Why UBS Decided To Deep-Six Its VIX ETNs
September 11, 2012
UBS' finely calbrated family of VIX ETNs appears to have been a bridge too far.
UBS jettisoned 12 hyper-specific VIX products on Monday. Why?
VIX ETFs and ETNs have roughly $3.3 billion in assets all told. So clearly there’s some interest in the space.
VIX products are often used to profit from investor fear, or to hedge against equity downdrafts. Our current environment is hardly fear free, but still, these UBS ETNs gathered little interest.
True enough, the VIX index itself is quite low at present.
But in my view, these products weren’t really designed as volatility plays. Instead, they existed as very sharp tools to be used in combination for making precise short-term bets on the shape of the VIX futures curve.
Here’s a snapshot of that curve as of Sept. 11, and the data is courtesy of the CBOE website.
The graph shows steep contango, meaning that futures contracts settling some months away cost more than those that settle sooner. The VIX term structure is in contango most of the time, though the exact shape changes frequently.
The UBS VIX suite of products allowed people to speculate on changes in this curve by providing exposure to six different points on the curve with both long and short exposure at each of these points.
The idea was that smart and brave traders would want these finer tools to make their bets beyond the existing products that focus on only one- and five-month exposure.
The challenge these products faced was in gathering the liquidity that traders require. Someone making a bet of, say, long four-month and short two-month VIX futures exposure is going to want the ability to move in and out of that position quickly and without excessive costs.
All ETFs and ETNs face this liquidity challenge, even those with buy-and-hold investment strategies. The recent demise of FocusShares funds underscores the thesis—good portfolios at a great price that died for lack of liquidity.
For the UBS ETNs, however, the bar for liquidity was set even higher, since primary users would demand liquidity above all else.
Moreover, the UBS suite faced another challenge, in that well-established, liquid ETFs and ETNs covering the one- and five-month exposures already existed. So their bet was that traders needed two-, three-, four- and six-month exposures in ETN form. In the end, that’s pretty fined-grained stuff.
The VIX product that remains on UBS’s roster, the Etracs Daily Long-Short VIX ETN (NYSEArca: XVIX) provides a play on VIX contango in an off-the-shelf product. It goes long five-month and short one-month VIX futures.

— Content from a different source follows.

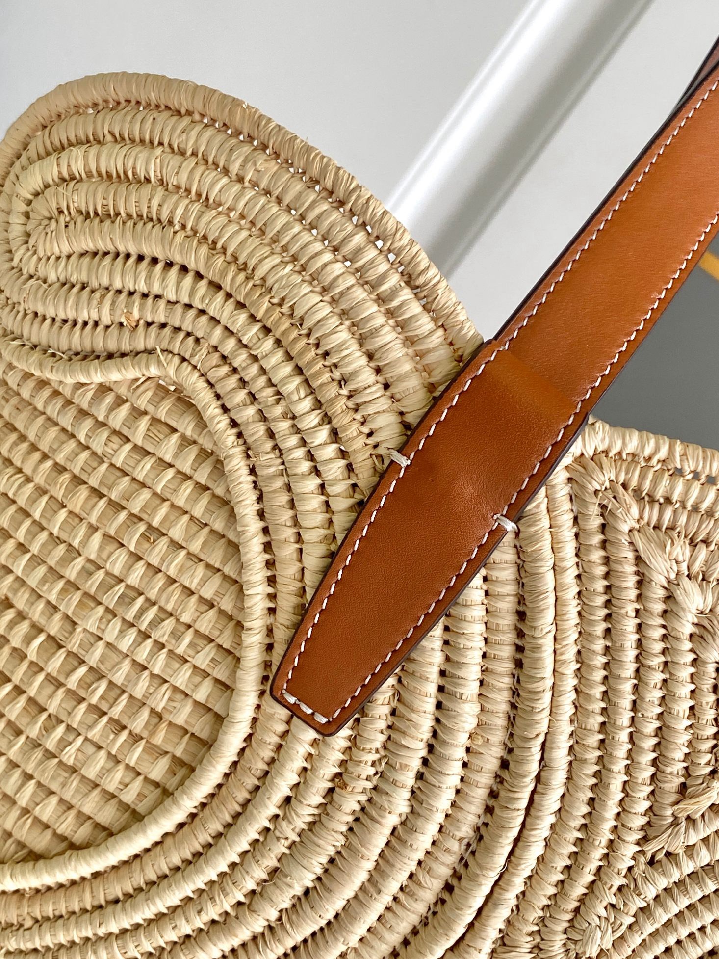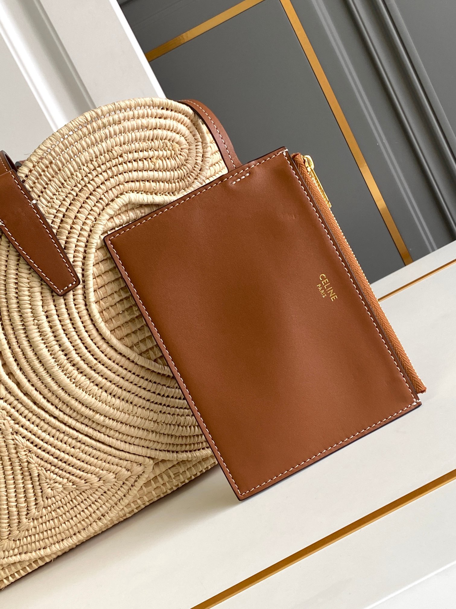 • Celine plant material and beef leather trumpet woven TRIOMPHE classic basket bag tan

I couldn’t help but notice that Jim Cramer commented on my colleague Olly Ludwig’s piece on these products, saying that VIX products are horrible investments.
My take is that VIX ETNS and ETFs aren’t really investments at all. They’re tactical tools for traders and speculators—professionals, in other words.
For these users, the UBS VIX ETNs never gained enough traction to become viable vehicles, so their demise is no great loss.
For the rest of us, the removal of this particular set of power tools from the selection universe isn’t a bad thing, either.
That’s because these products were ill-suited for retail investors even without the added risk and expense of poor liquidity.